July 24, 2022
Seventeenth Sunday in Ordinary Time, July 24, 2022 – Genesis 18:20-32; Colossians 2:12-14; Luke 11:1-13
You know this is not the first summer heat wave we’ve ever had in Wurtsboro. I said Mass here in the summertime for almost all of my 50 years as a priest before I came to live here as your pastor. And, back then, there was no air conditioning in this building. Up there, where that beautiful stained-glass window of Joseph and the boy, Jesus, is now, there used to be an exhaust fan. The theory was that the exhaust fan would suck out the hot air because hot air rises. Nah, not so much. No. And each one of those pillars had a little oscillating fan that went back and forth and just blew the hot air around. The windows, back then, used to open, but they opened from the bottom. They just pushed out a little bit, and a little bit of air could rush in through those openings.
And, on a very hot weekend, I remember that by the time I began the 9 o’clock Mass it was already beginning to swelter in here. It was in the high 80s, maybe the low 90s outside. It was beginning to percolate up into the 80s in here. People were sitting here going like this [fanning] with their missalettes and so on. And I got up to preach and I said, “You think it’s hot in here? There’s someplace else a lot hotter. Stay out of it. In the name of the Father, and the Son, and the Holy Spirit. Amen.”
The goal was to get people out as quickly as possible before you had people passing out. But now we have air conditioning. And sometimes it’s nicer to stay here than go back outside.
How many of you don’t like spiders? Put up your hand. Nice and high. Don’t be embarrassed. That’s good. Did you know there are 45,000 species of spiders in the world? 45,000. Now, last night when I gave that statistic, then finished my homily and went back to the altar, just as I was putting the cloth on the altar, a little tiny spider, about the size of one grain of black pepper, crawled across the altar and I grabbed him and I squished him. Then, at the end of Mass, when I was putting everything away off the altar, this great big spider crawled across the altar and I brushed him off. So, if they happen to be the last of the Mohicans of their species, we now have 44,998 species of spiders.
There are - get this - 1,740,330 species of virus in the world. We’re experiencing a great deal of trouble from just one virus and its mutations. But 1,700,000+ kinds of virus! They’re all alive! Like you and me. They have lives of their own. They seek nourishment. They seek to reproduce. They seek to preserve their lives as long as possible.

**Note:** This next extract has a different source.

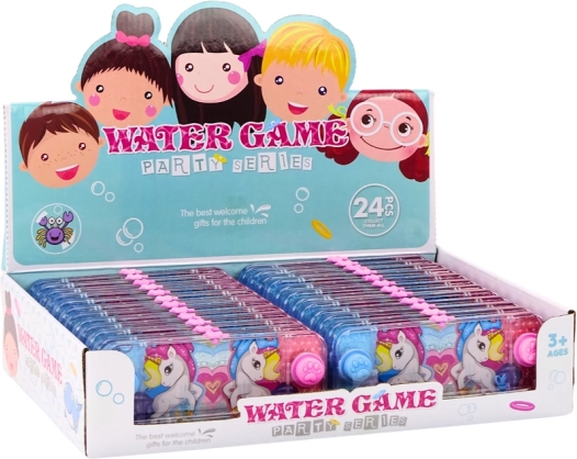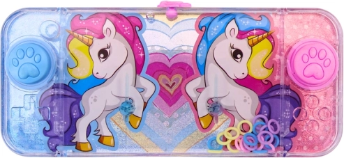 Odkrij klasično vodno igro v moderni rožnati izvedbi z ljubkim samorogom. V prozorni posodi plavajo barviti obročki, tvoja naloga pa je, da jih s tokom vode iz tlačnih gumbov natakneš na dva zatiča. Vsak pritisk ustvari drugačen tok – vse je v natančnosti in občutku.

How many of you speak another language, besides English, fluently? Put up your hands. Nice and high so I can see them. Ok. How many of you can get by at least by reading in some other language besides English? Put up your hands. Even more. There are 7,100 living languages in the world. Languages that people speak to other people every day. Now, I happen to speak two dead languages, Latin and ancient Greek. I can at least write and read Latin fluently, and Greek, a little bit more clumsily. But over 7,000 languages that people speak every day. Which means there are over 7,000 different cultures with different kinds of people.

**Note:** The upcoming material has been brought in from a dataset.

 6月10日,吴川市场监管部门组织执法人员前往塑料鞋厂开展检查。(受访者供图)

The Hubble telescope just revealed something amazing to us. They found a star that is 12.9 billion – that’s billion – light-years away. And they said that that star is a mere 900 million light years from the big bang. Think of those numbers. 12.9 billion light-years away, and then another 900 million light-years from the big bang. Getting closer and closer. What does that mean?
It means that the very idea that there could be a six day creation of the world is nonsense. I don’t care if it’s in bible. Catholics do not believe and should not believe that the world was created in six days. And we should not believe that humanity is only ten thousand years old. “But the bible says…” Yeah, I know what the bible says. The biblical myth of creation was a way of explaining the relationship between God and the universe. Science answers the question when did it happen, how did it happen and, primarily why did it happen. Then what does scripture answer? It answers the question who did it happen. Who did it happen? Behind the entire amazing world in which we live, about which we learn more every day, which has things in it that are wonderful and things in it that are terrifying. Behind all of that there is an intelligent design.
Now, scientists don’t like intelligent design because there is also chaos and randomness within the scientific universe. But what our theologians say, drawing from scripture and church’s tradition, is that the mind of God and the heart of God are so wonderful that God creates the chaos and God creates the randomness out of a more deeply ingrained order that is too miraculous for us to understand. When I think about all of this, my mind just goes to “When I see the stars and hear the rolling thunder, my God, how great Thou art.”
The version of the Our Father that we heard this morning in the gospel was not a prayer. It was a teaching on how to pray. St. Matthew’s gospel took Jesus’ teaching and, using the Jewish prayer forms that are found largely in the psalms, created a beautiful prayer from it. But, you know what? Once we get past “Hallowed be thy name” we’ve said it all.